═════ RECORDS SUPPLIED ═════
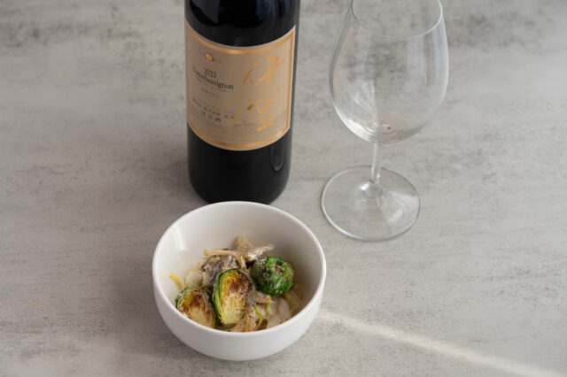 その後、両ワインの味わいに合うフレンチオーク樽に移し、暗く静かな部屋にてゆっくりと12カ月間、樽熟成させました。熟成が終わったワインは、醸造家全員でテイスティングを繰り返し、とりわけ味・香り・色の評価が高いものを選抜しブレンドしています。
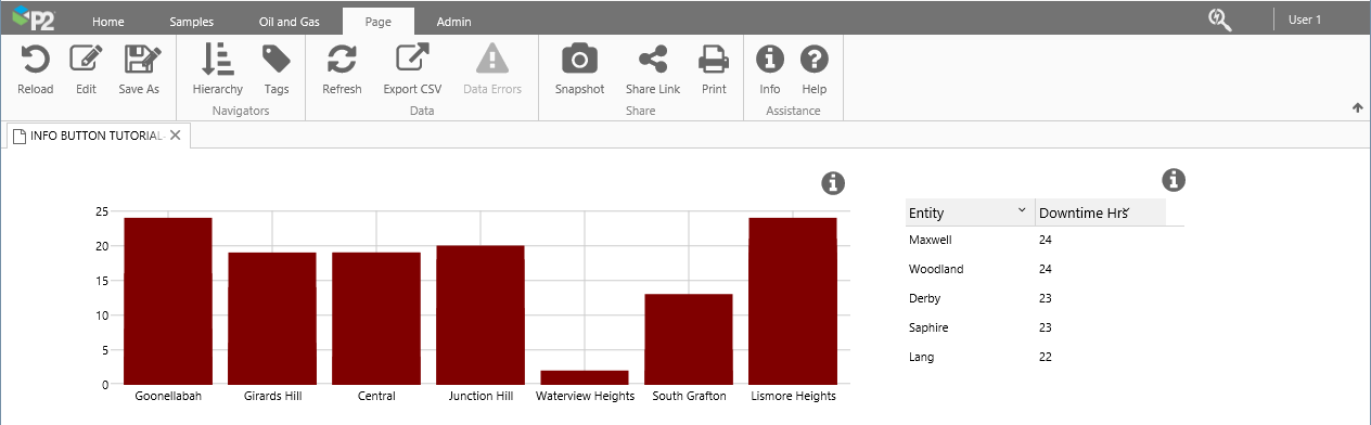 Each Info Button on a page has been configured, by the page designer, to have a title and a context key.
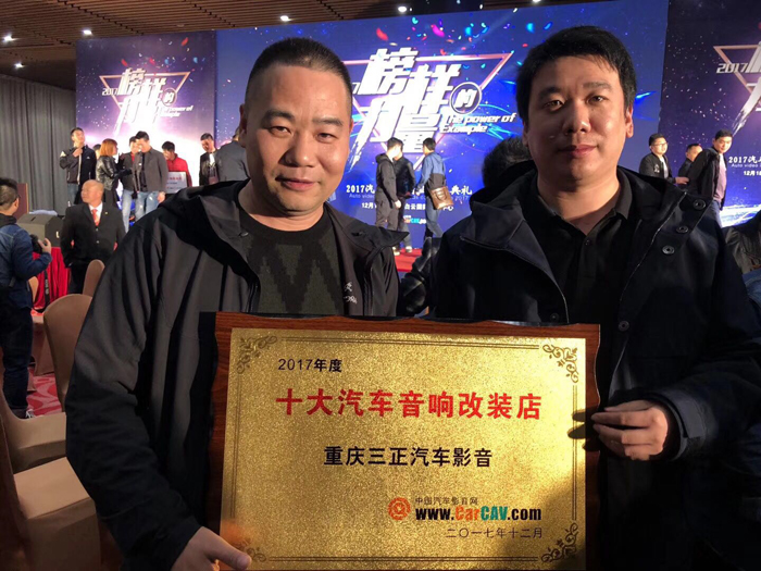 在激动人心的颁奖典礼上,重庆三正汽车音响凭借一直以来的努力和优异的行业表现,在全国几千家专业汽车音响改装店中脱颖而出,被评为“2017年度十大汽车音响改装店”,这已经是我店连续8年“2010-2017”荣获全国十大汽车音响改装店,这是对我们辛勤付出的认可。
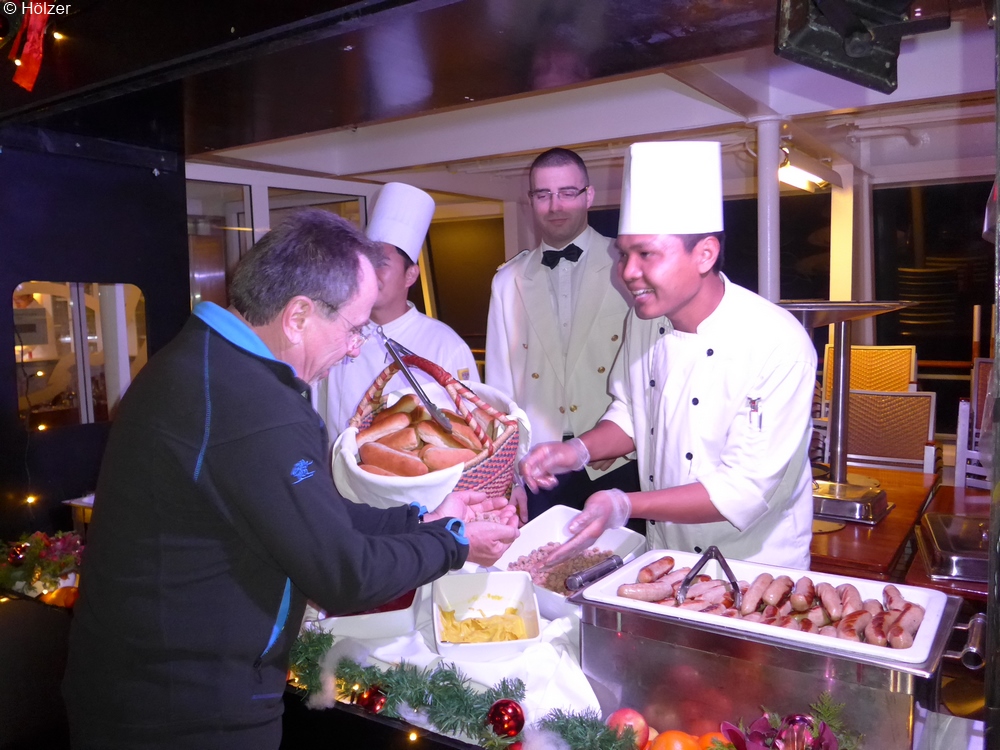 Das Abendessen bot sowohl den Klassiker, Würstchen mit Kartoffelsalat, als auch die gewohnten Abendmenüs der AMADEA-Schiffsküche. Die Weihnachtsgans sollte es übrigens erst am ersten Feiertag geben.
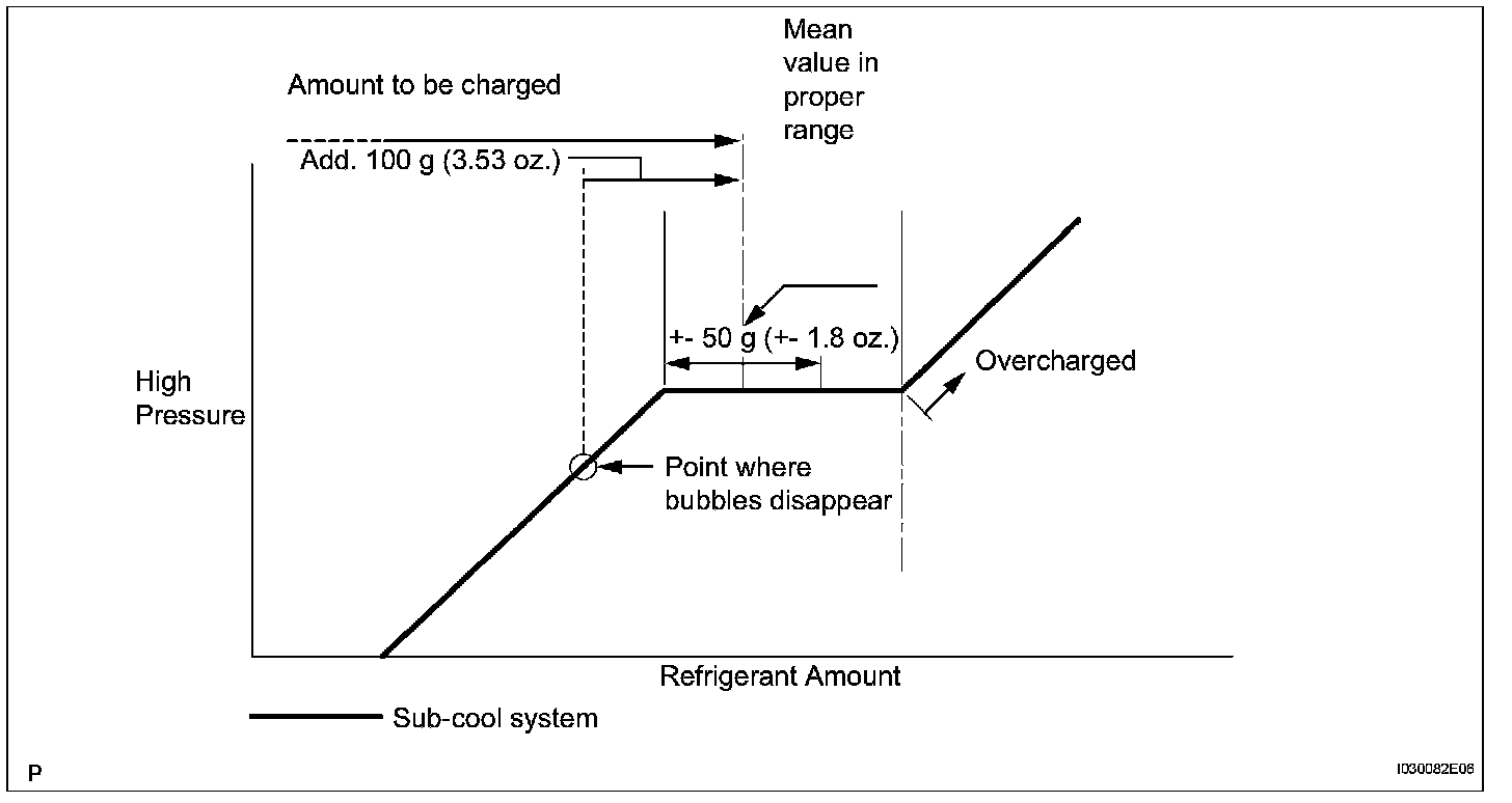 - Approximately 100 g (3.53 oz.) of refrigerant may need to be charged after bubbles disappear.
═════
With all pictures left out, please transcribe exactly the lines from the start of the material through the line with "在激动人心的颁奖典礼上,重庆".

 その後、両ワインの味わいに合うフレンチオーク樽に移し、暗く静かな部屋にてゆっくりと12カ月間、樽熟成させました。熟成が終わったワインは、醸造家全員でテイスティングを繰り返し、とりわけ味・香り・色の評価が高いものを選抜しブレンドしています。
 Each Info Button on a page has been configured, by the page designer, to have a title and a context key.
 在激动人心的颁奖典礼上,重庆三正汽车音响凭借一直以来的努力和优异的行业表现,在全国几千家专业汽车音响改装店中脱颖而出,被评为“2017年度十大汽车音响改装店”,这已经是我店连续8年“2010-2017”荣获全国十大汽车音响改装店,这是对我们辛勤付出的认可。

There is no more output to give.